Dire que ce qui se passe aujourd'hui en Tunisie est davantage un soulèvement populaire qu'une révolution n'est pas une façon de jouer avec les mots, pas plus que cela ne vise à minorer l'importance dudit mouvement. Tunisiens et Egyptiens font preuve d'un courage exemplaire dont beaucoup d'analystes ne les pensaient pas capables. Les premiers sont parvenus à chasser un vieil ami de la France qui avait cadenassé le pays avec ses flics et ses réseaux et se pensait à l'abri de toute émotion populaire ; les seconds font vaciller sur son trône un ami du bloc occidental.

Parler de soulèvement populaire plutôt que de révolution est une façon de calmer les ardeurs de la presse, toujours prompte à l'emphase, du moment que celle-ci fait vendre. Il n'y a pas eu de Révolution en Mai 68 : les rapports de production n'ont pas été bouleversé par le mouvement social, le régime politique n'a pas été chamboulé ; les « soixante-huitards » ont obligé les élites dominantes à produire de nouvelles idées susceptibles de rendre de nouveau légitime le système. C'était peu et beaucoup à la fois.

Parler de soulèvement populaire plutôt que de révolution est une façon de souligner que le mouvement actuel en Tunisie n'a pas aboli le système Ben Ali. Il a chassé l'autocrate et son réseau le plus proche, mais tout l'édifice sur lequel reposait son hégémonie est toujours en place. Une dictature, ce n'est pas seulement un tyran et des flics à sa botte. Une dictature, c'est un tyran, des flics, un parti unique omnipotent par lequel on doit passer pour tout et n'importe quoi, des réseaux de clientèle, une bourgeoisie qui fait des affaires en profitant du fait que les salariés sont sous la menace du bâton, une fonction publique qui ne doit sa position sociale qu'à sa docilité assumée ou contrainte, des ruraux sous la coupe de notables qui ont tout à perdre d'un changement radical de régime, des gens qui se taisent et n'en pensent pas moins, des opposants radicaux et des opposants qui attendent leur heure, des gens qui veulent que tout change et d'autres que tout cela effraie.
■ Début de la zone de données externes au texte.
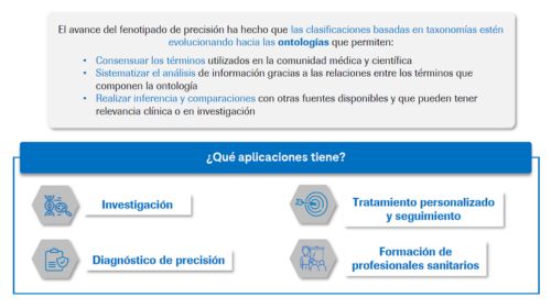 El estudio y abordaje de las enfermedades se basa, en líneas generales, en la observación de las características observables, signos y síntomas que presentan los pacientes, lo que se conoce como fenotipo. Sin embargo, con el desarrollo de la Medicina Personalizada de Precisión, las ciencias ómicas y la disponibilidad de grandes cantidades de datos procedentes de diferentes fuentes, este enfoque queda obsoleto. En este contexto, nace el fenotipado de precisión, dirigido a caracterizar de manera profunda los estados de salud y enfermedad con el fin de conocer las relaciones que existen entre los distintos factores que afectan a su desarrollo y los rasgos, signos y síntomas que tienen lugar en una persona; con el objetivo de crear una terminología codificada y estandarizada a nivel internacional, que permita el manejo e interpretación de la información médica por cualquier persona u ordenador y en cualquier sistema o contexto sanitario.

C'est tout cela une dictature, et bien plus encore. Comme le disait le vieux Marx, « les hommes font leur propre histoire, mais ils ne la font pas arbitrairement, dans les conditions choisies par eux, mais dans des conditions directement données et héritées du passé. La tradition de toutes les générations mortes pèse d'un poids très lourd sur le cerveau des vivants »3.

Un soulèvement populaire, une révolte, une grève font jaillir la parole et ouvrent le champ des possibles. Mais ils ouvrent ce champ à tout le monde, et notamment à celles et ceux qui disposent des meilleures armes pour prendre leur revanche sociale sur ce pouvoir qui les a niés. Ceux d'en bas sont désarmés : ils n'ont que leur nombre à faire valoir et leur capacité à créer, consolider et faire vivre des contre-pouvoirs populaires. Face à eux, il n'y a pas seulement l'ancienne élite délégitimée en phase de reconversion démocratique, il y a également ces opposants prêts à tout accommodement pour parvenir au pouvoir. Les premiers ont mon soutien, les seconds, ma défiance.


Notes
1. Hermet, Badie, Birnbaum, Braud, Dictionnaire de la science politique et des institutions politiques, Colin, 1996.
2. L'interview de ces deux militants est en ligne à cette adresse (magmaweb) ; mais également, ainsi que d'autres textes à cette adresse (mondialisme.org)
3. Karl Marx, Le 18 Brumaire de Louis Bonaparte, 1852.